-- What the exercise asks --
Only the lines from the one with "今日は,2日目の午前中に行っ" through the end of the material are wanted, copied exactly and with the pictures left out.

-- Stored data --
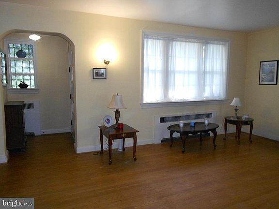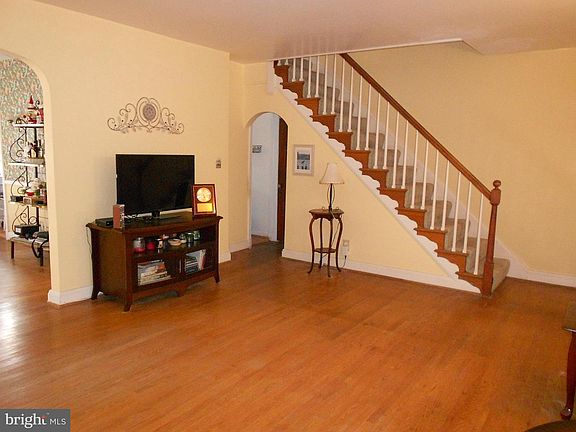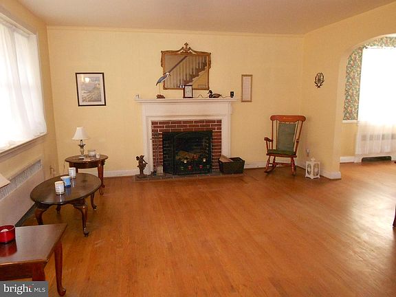 REDUCED 15K - Solid 3BR/2BA brick & stone semi-detached house is ready for new owner. Inviting front porch and arched doorway greet you as you enter the foyer. Large & bright living room with brick wood-burning fireplace and mantle. Harwood floors throughout - no carpet! Good-sized dining room w/french doors to balcony. Window AC keeps first floor cool & stays with property. Enter the retro kitchen with lots of white cabinets & new gas stove. Kitchen cart adds extra counter & storage space. Access to back yard & downstairs. Upstairs features 3 spacious bedrooms. Master BR has en-suite bath. Lower level boasts family room with propane gas fireplace. Bonus room under porch for storage. Utility room houses boiler, double laundry tub, washer, dryer, extra frig, flush and access to back yard. Another bonus is the garage with newer garage door. Parking in back for 2 cars too! Ready for move in or rehab as desired - sold AS-IS, no FHA or VA.
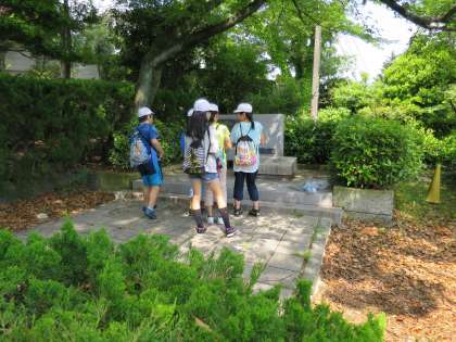 今日は,2日目の午前中に行った,東山動植物園の様子です。子どもたちの後ろには,動物の慰霊碑があります。
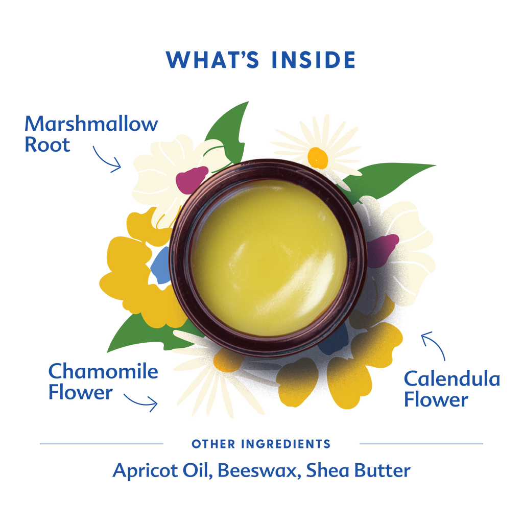 Everyday Baby Balm is a lightweight salve infused with soothing organic herbs. This herbal balm is lightly scented with chamomile flowers and is the perfect moisturizer for bath time, bedtime, and anytime.

-- Solution to the exercise --
 今日は,2日目の午前中に行った,東山動植物園の様子です。子どもたちの後ろには,動物の慰霊碑があります。
 Everyday Baby Balm is a lightweight salve infused with soothing organic herbs. This herbal balm is lightly scented with chamomile flowers and is the perfect moisturizer for bath time, bedtime, and anytime.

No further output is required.